> _Data shown_
◇ ◇ ◇ ◇
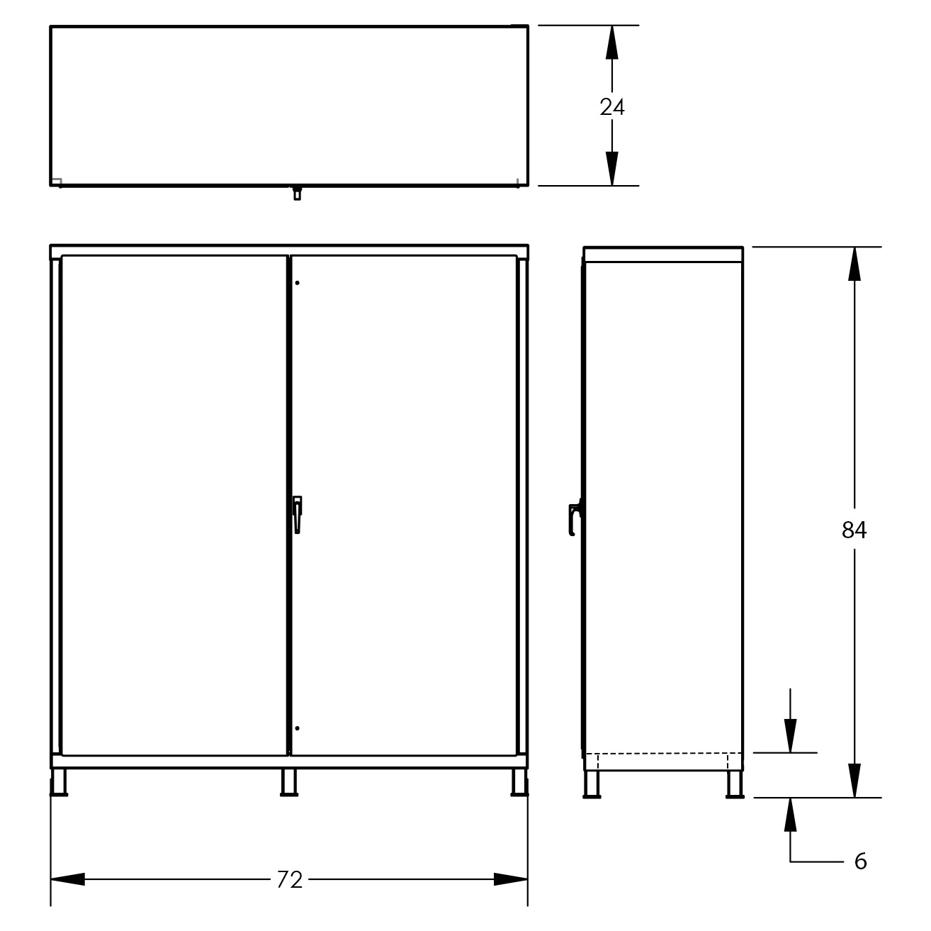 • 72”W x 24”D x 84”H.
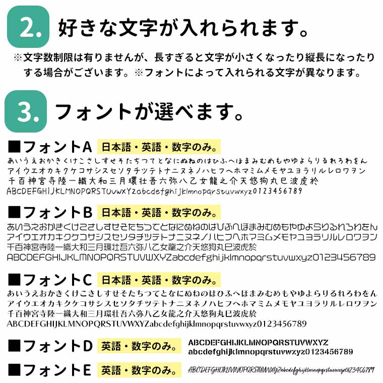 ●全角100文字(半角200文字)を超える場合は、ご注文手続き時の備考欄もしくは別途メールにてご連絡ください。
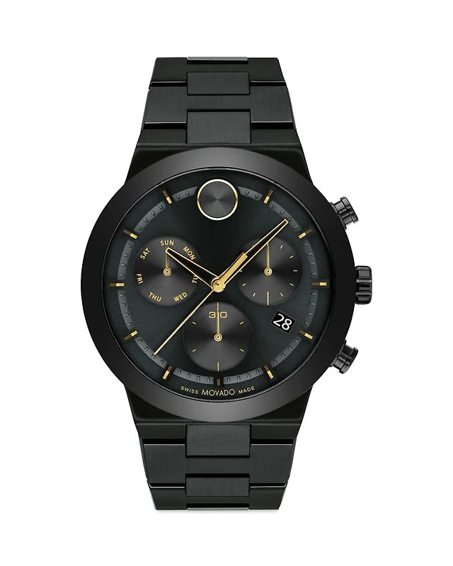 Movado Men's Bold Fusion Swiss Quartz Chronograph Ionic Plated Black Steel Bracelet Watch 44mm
◇ ◇ ◇ ◇
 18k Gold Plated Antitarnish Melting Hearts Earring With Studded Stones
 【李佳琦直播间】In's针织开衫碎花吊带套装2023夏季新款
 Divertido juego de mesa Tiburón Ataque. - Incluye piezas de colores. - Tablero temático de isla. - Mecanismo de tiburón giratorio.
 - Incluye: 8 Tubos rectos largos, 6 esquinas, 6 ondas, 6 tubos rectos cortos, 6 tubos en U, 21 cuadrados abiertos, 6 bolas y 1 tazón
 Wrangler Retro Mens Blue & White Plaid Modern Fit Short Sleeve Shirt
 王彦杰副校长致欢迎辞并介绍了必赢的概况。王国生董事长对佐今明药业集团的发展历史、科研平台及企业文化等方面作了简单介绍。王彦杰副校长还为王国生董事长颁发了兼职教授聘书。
◇ ◇ ◇ ◇
> _Activity_
In the records above, find each line that mentions the word "Incluye", and copy it.

> _Exercise solution_
 Divertido juego de mesa Tiburón Ataque. - Incluye piezas de colores. - Tablero temático de isla. - Mecanismo de tiburón giratorio.
 - Incluye: 8 Tubos rectos largos, 6 esquinas, 6 ondas, 6 tubos rectos cortos, 6 tubos en U, 21 cuadrados abiertos, 6 bolas y 1 tazón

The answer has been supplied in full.